甘えを許さず、いつも冷たく厳しい彼の中に――優しさを知ってしまった。
「そっか……なんだか君にはシンパシーを感じるよ。はは、勝手にだけど……」
カール……いや、カールくんは、弱々しくつぶやく。
「私は……好きな人のために変わろうとする努力は、報われてほしい……と思います」
だって、私もそうだから。
これは同情であり、自分自身へのなぐさめと共感にも似ている。
傷の舐め合いなのだろうか。
超える壁の大きさ。
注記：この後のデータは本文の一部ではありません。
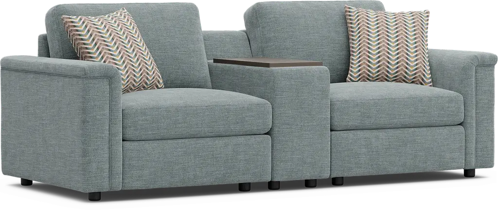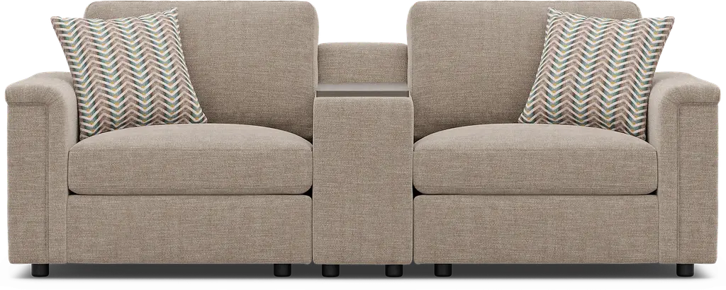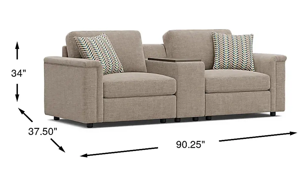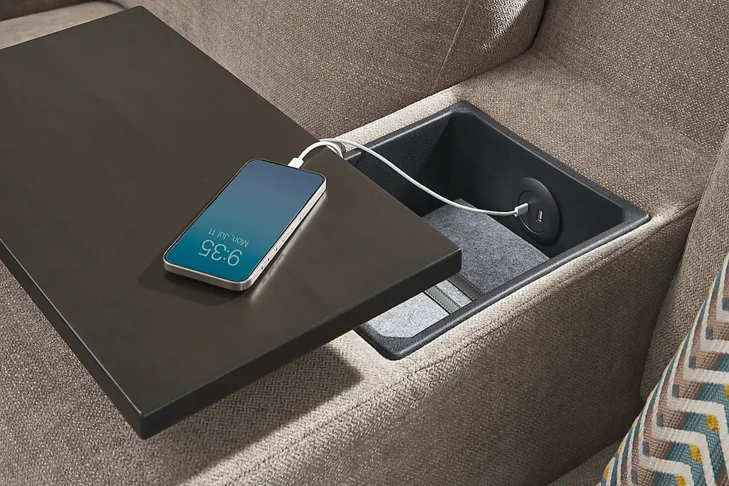 The world quiets... life's rhythms slow... serenity washes over you as you gently relax into the Tempo Modular collection, its effortless luxury flowing from the unity of form and function. Transitional style defines this sectional, its comfortably understated seats upholstered in beige chenille and highlighted with unique inverted waterfall track arms. The included consoles feature swivel tables, hidden storage and USB-A and USB-C charging ports for ultimate convenience. And, with easy-to-use connectors, this modular seating solution can be rearranged to fit your changing needs and tastes. Includes LAF chair, RAF chair and console. Upholstery: 100% Polyester.
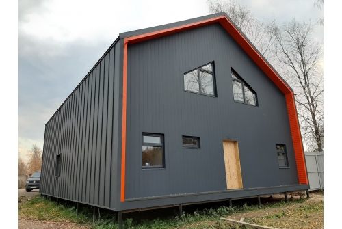 - В отличие от облицовки фасада деревом, металлический сайдинг Вертикаль прост в монтаже и не требует дополнительного послемонтажного ухода.
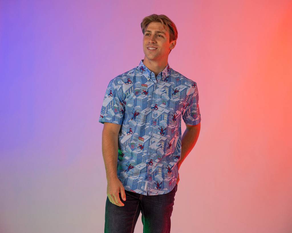 - “Spider-Man is Coming To Town" ($70) follows the fan favorite web slinger as he scales snowy buildings in New York City. The icy blue color scheme perfectly evokes the chill of winter, while the short sleeve design (sorry, no long sleeve option) will keep you cool in warm temperatures.
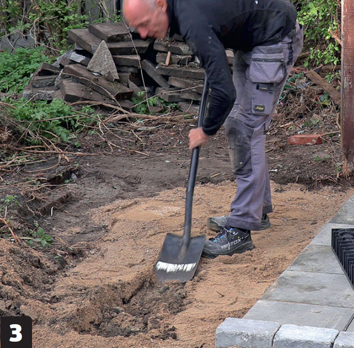 Gräv ut för markrännan. Förutom sand, grus och jord, se till att det inte finns några rötter eller liknande som kan komma i vägen för markrännan.
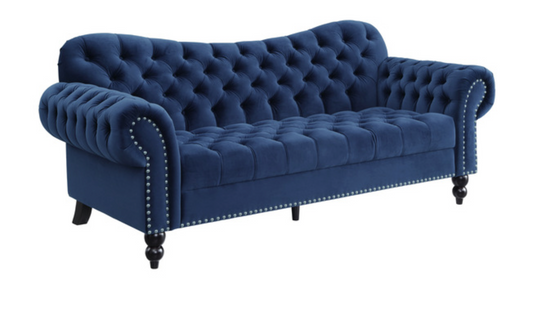 9330BU Rosalie Collection Blue Velvet Sofa & Loveseat Set 2 Piece Set
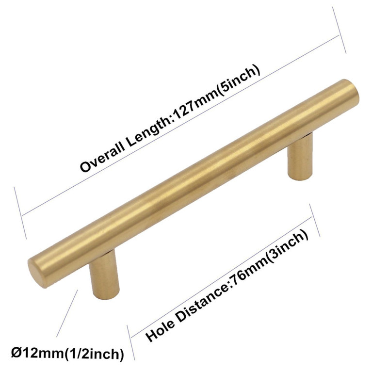 25Pack Gold Cabinet Drawer Pulls Kitchen Hardware - Goldenwarm 201GD76 Brushed Brass Cabinet Handles T Bar Door Pull Knobs 3in Hole Centers, 5in Overall Length
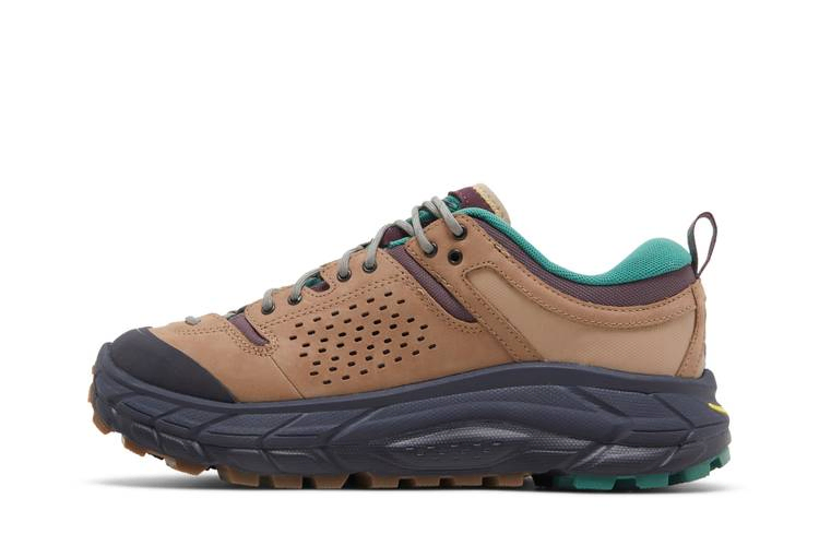 Модель Bodega x Hoka Tor Ultra Low GORE-TEX 'The World at Large' одевает силуэт для активного отдыха в цвета американского Юго-Запада. Верх из водонепроницаемого материала GORE-TEX песочного цвета, кожа Sierra buck и тиловая сетка, не пропускающая влагу, на мягком воротнике и язычке. Заднюю часть пятки украшает значок Bodega, а на стельках с несовпадающим рисунком изображены бренды Hoka и Bodega. Низкие кроссовки опираются на мягкую промежуточную подошву из EVA и поддерживаются подошвой Vibram Megagrip.
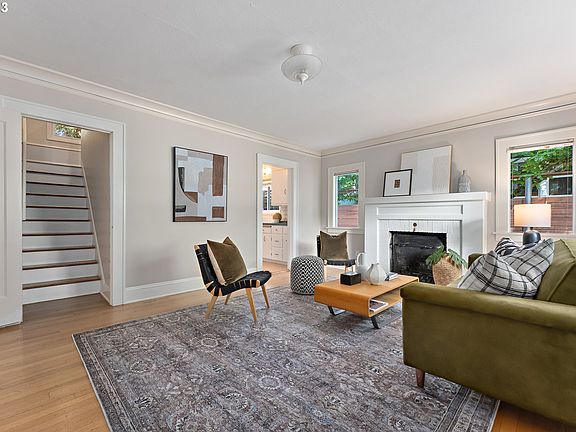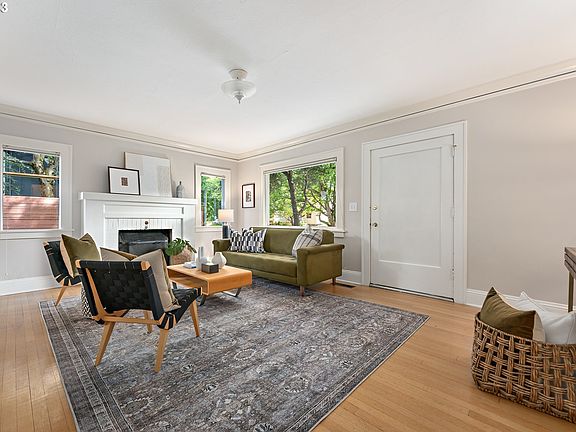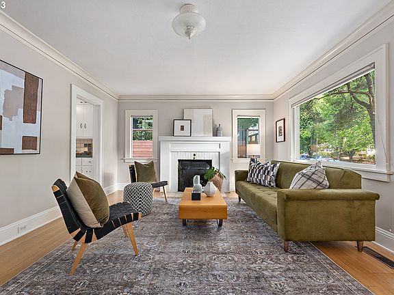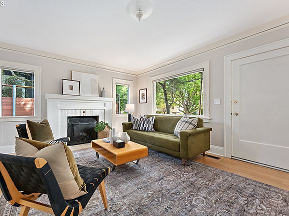 Location, location, location! This cute English is just 1 block from Alameda School and 2 blocks from restaurants and shops. Upper level primary suite is light and bright with vaulted ceilings, skylights and double closets. Main level has a light, open feel with 2 bedrooms, hardwoods and wood burning fireplace. Spacious kitchen has a dining area, bamboo floors and gas range. Detached finished garage studio has a backyard entry with new carpet and paint. It would be perfect for a home office or guest room! Low maintenance front and backyards. Finished garage is listed as 304 additional Sq. Ft in RMLS and floor plan. New roof 11/2023! [Home Energy Score = 1. HES Report at https://rpt.greenbuildingregistry.com/hes/OR10221470]

卑屈にならざるを得ない環境。
劣等感と羨望。
憧れと尊敬。
普通の生徒として先生を見ていたら、苦しまずに済んだのかもしれない。
「君が学生でありながら、戦闘慣れしてるのは、あの先生の影響?」
「はい、先生の教育方針が『心技体』なので」
健全な魔力は、健全な肉体に宿る――という考えから、何事も超スパルタだ。
「……魔術師じゃなく、格闘家養成学校なの?」
「貴方こそ、あんなところで、ガラの悪い人たちと何をしてたんですか?」
「よくぞ聞いてくれた!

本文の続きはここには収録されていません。